- DATA EXTRACT:
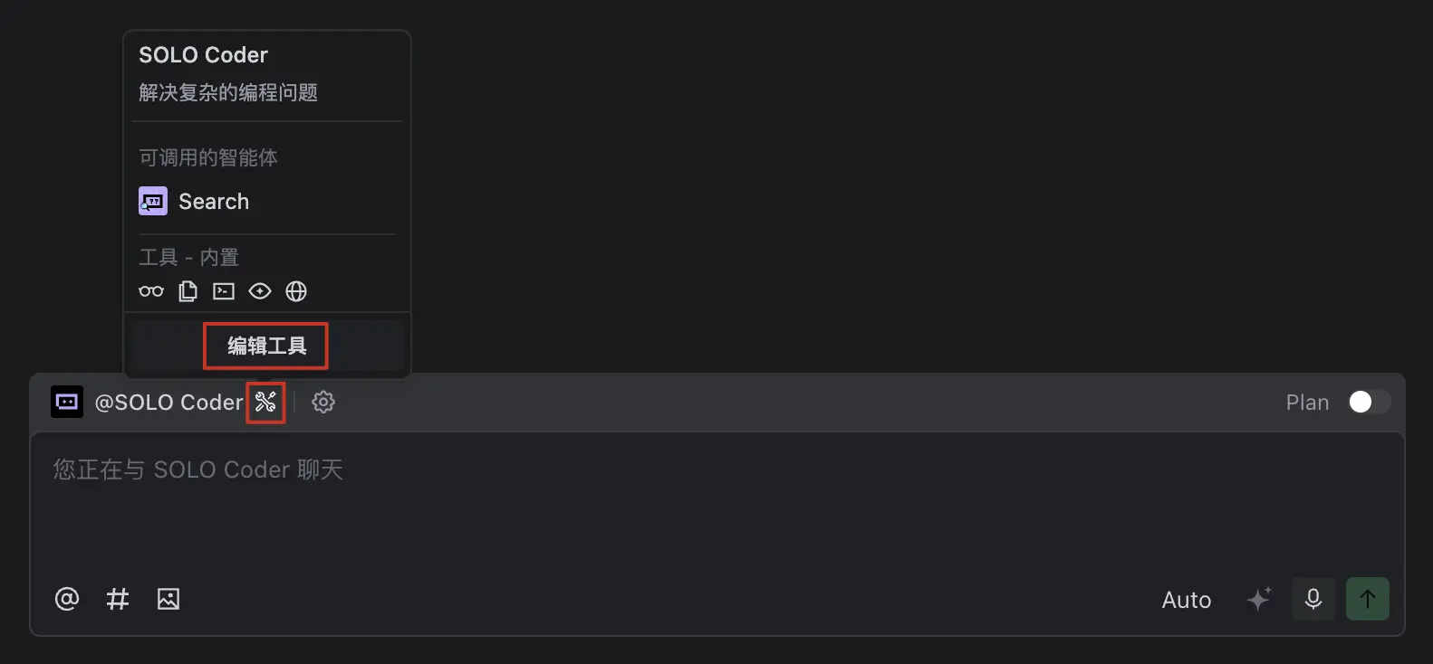 你可为 SOLO Coder 配置可调用的自定义智能体、MCP Server 及内置工具。
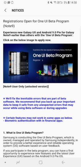 Samsung ar fi deschis înregistrările pentru beta-ul lui Note 9 în SUA de săptămâna trecută, dar nimeni nu primise încă softul. Acesta vine de abia în această săptămână, iar actualizarea a fost confirmată în India şi Germania în aceste momente. Înregistrările sunt disponibile prin aplicaţia Samsung Members şi trebuie rezervat un loc pentru a avea parte de One UI.
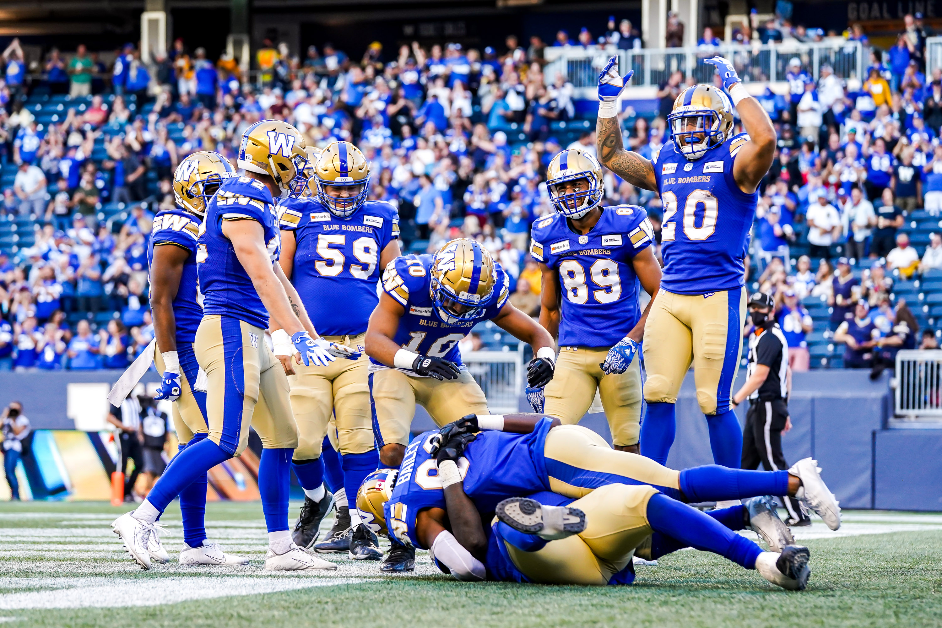 Zach Collaros finished the night 32/40 for 292-yards, two touchdowns, and one interception. Brady Oliveira led the Blue Bombers in rushing with thirteen carries for 29-yards. Wide Receiver Kenny Lawler led the Blue Bombers in receiving yards with ten receptions for 99-yards. The defense had one sack, one interception, and one forced fumble.

- WHAT IS NEEDED:
Copy nothing but the lines from the first one in the listing through the line with "Samsung ar fi", and omit the pictures.

- RESULT OF THE EXERCISE:
 你可为 SOLO Coder 配置可调用的自定义智能体、MCP Server 及内置工具。
 Samsung ar fi deschis înregistrările pentru beta-ul lui Note 9 în SUA de săptămâna trecută, dar nimeni nu primise încă softul. Acesta vine de abia în această săptămână, iar actualizarea a fost confirmată în India şi Germania în aceste momente. Înregistrările sunt disponibile prin aplicaţia Samsung Members şi trebuie rezervat un loc pentru a avea parte de One UI.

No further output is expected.